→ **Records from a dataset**

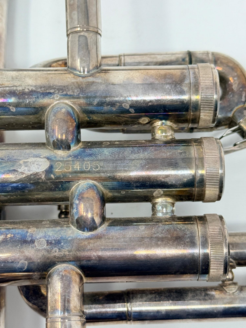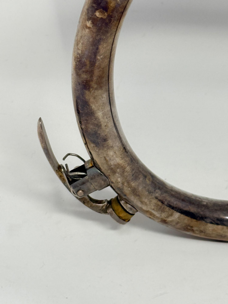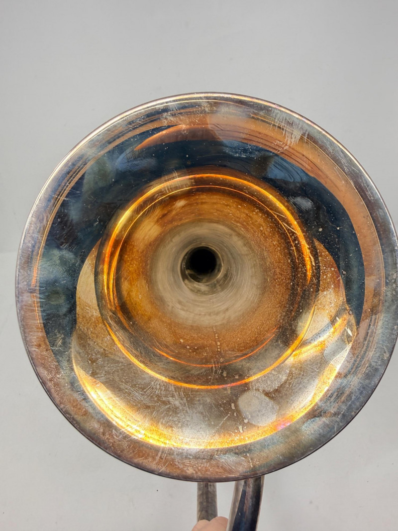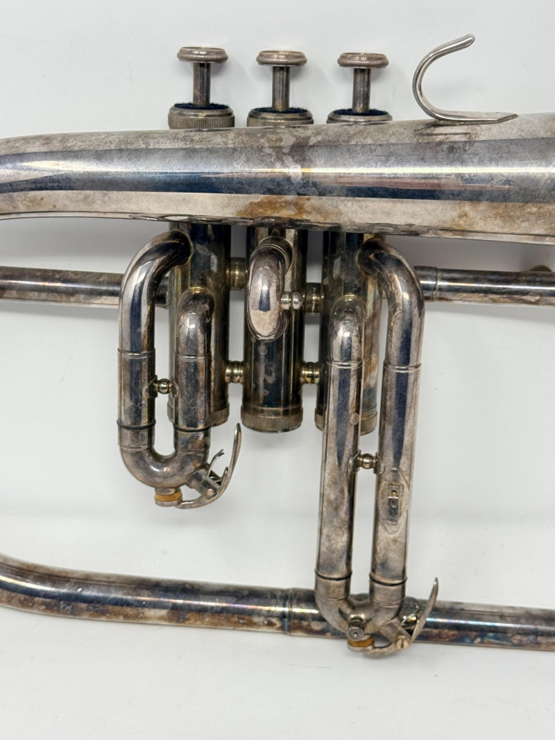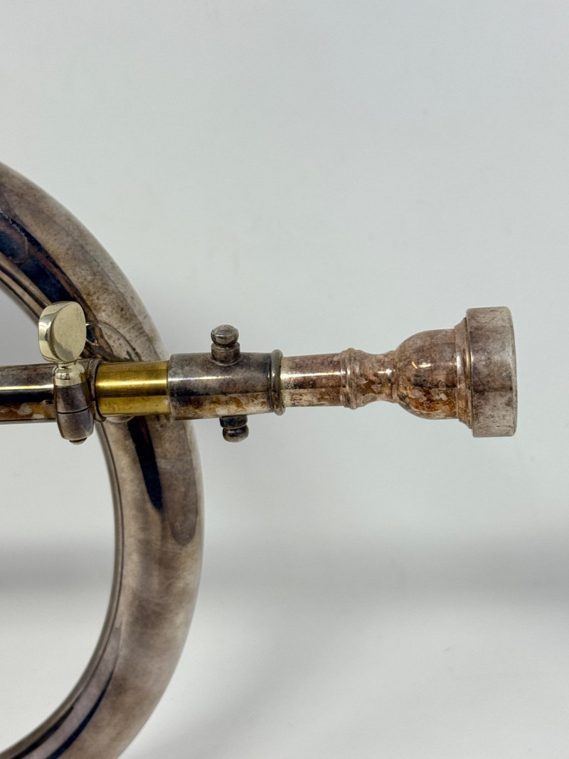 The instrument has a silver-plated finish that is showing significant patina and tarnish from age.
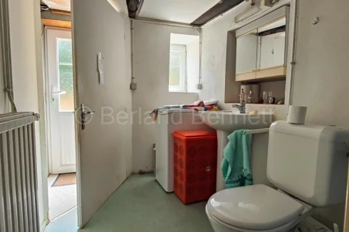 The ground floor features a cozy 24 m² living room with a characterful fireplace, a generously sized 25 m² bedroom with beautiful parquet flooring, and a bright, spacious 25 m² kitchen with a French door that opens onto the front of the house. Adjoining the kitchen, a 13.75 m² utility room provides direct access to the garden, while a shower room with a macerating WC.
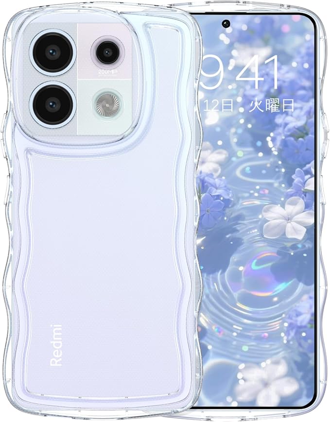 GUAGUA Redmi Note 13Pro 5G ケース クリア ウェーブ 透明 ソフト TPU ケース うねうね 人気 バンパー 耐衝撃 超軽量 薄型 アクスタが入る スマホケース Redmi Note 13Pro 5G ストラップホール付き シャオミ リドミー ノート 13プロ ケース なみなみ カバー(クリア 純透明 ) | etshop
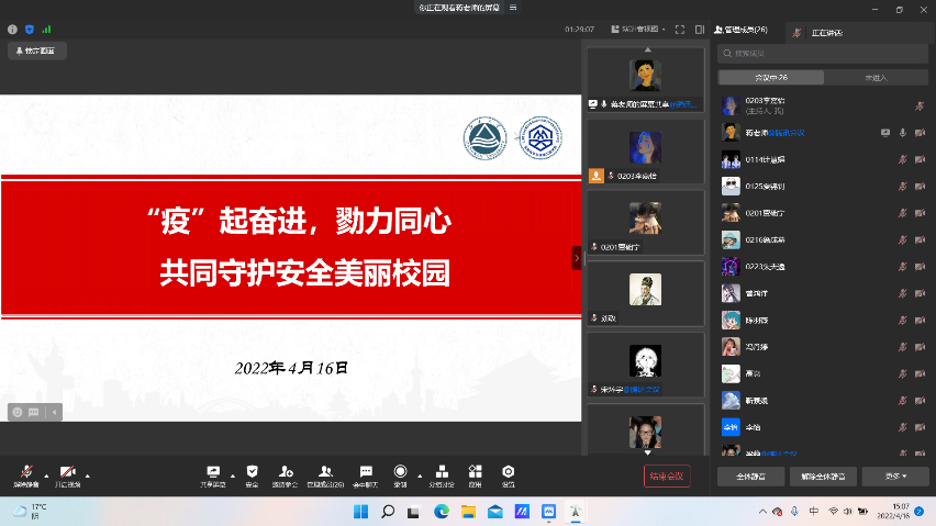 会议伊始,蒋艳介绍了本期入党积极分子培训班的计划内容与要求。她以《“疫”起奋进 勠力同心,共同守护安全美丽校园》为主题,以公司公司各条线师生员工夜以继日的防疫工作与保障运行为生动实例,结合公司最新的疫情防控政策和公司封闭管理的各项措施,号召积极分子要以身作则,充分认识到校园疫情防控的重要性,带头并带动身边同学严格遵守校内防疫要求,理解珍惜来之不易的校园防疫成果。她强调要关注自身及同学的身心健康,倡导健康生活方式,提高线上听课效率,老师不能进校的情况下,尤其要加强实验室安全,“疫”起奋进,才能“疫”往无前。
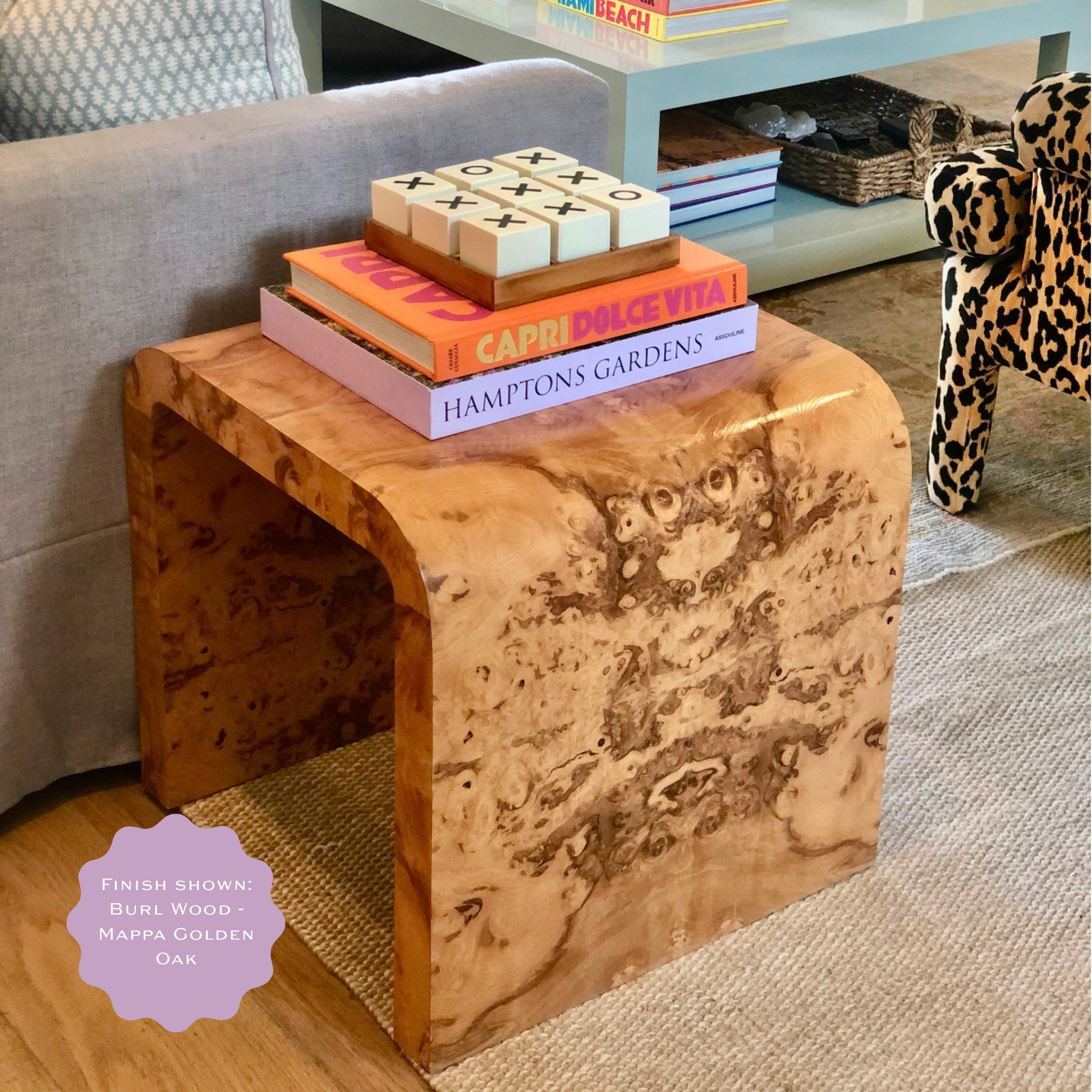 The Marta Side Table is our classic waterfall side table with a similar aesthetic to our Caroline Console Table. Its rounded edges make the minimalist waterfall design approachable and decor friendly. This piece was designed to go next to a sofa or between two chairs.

→ **Work instructions**
All of the entries above should be duplicated exactly, except for the pictures.

→ **Solution for this problem**
 The instrument has a silver-plated finish that is showing significant patina and tarnish from age.
 The ground floor features a cozy 24 m² living room with a characterful fireplace, a generously sized 25 m² bedroom with beautiful parquet flooring, and a bright, spacious 25 m² kitchen with a French door that opens onto the front of the house. Adjoining the kitchen, a 13.75 m² utility room provides direct access to the garden, while a shower room with a macerating WC.
 GUAGUA Redmi Note 13Pro 5G ケース クリア ウェーブ 透明 ソフト TPU ケース うねうね 人気 バンパー 耐衝撃 超軽量 薄型 アクスタが入る スマホケース Redmi Note 13Pro 5G ストラップホール付き シャオミ リドミー ノート 13プロ ケース なみなみ カバー(クリア 純透明 ) | etshop
 会议伊始,蒋艳介绍了本期入党积极分子培训班的计划内容与要求。她以《“疫”起奋进 勠力同心,共同守护安全美丽校园》为主题,以公司公司各条线师生员工夜以继日的防疫工作与保障运行为生动实例,结合公司最新的疫情防控政策和公司封闭管理的各项措施,号召积极分子要以身作则,充分认识到校园疫情防控的重要性,带头并带动身边同学严格遵守校内防疫要求,理解珍惜来之不易的校园防疫成果。她强调要关注自身及同学的身心健康,倡导健康生活方式,提高线上听课效率,老师不能进校的情况下,尤其要加强实验室安全,“疫”起奋进,才能“疫”往无前。
 The Marta Side Table is our classic waterfall side table with a similar aesthetic to our Caroline Console Table. Its rounded edges make the minimalist waterfall design approachable and decor friendly. This piece was designed to go next to a sofa or between two chairs.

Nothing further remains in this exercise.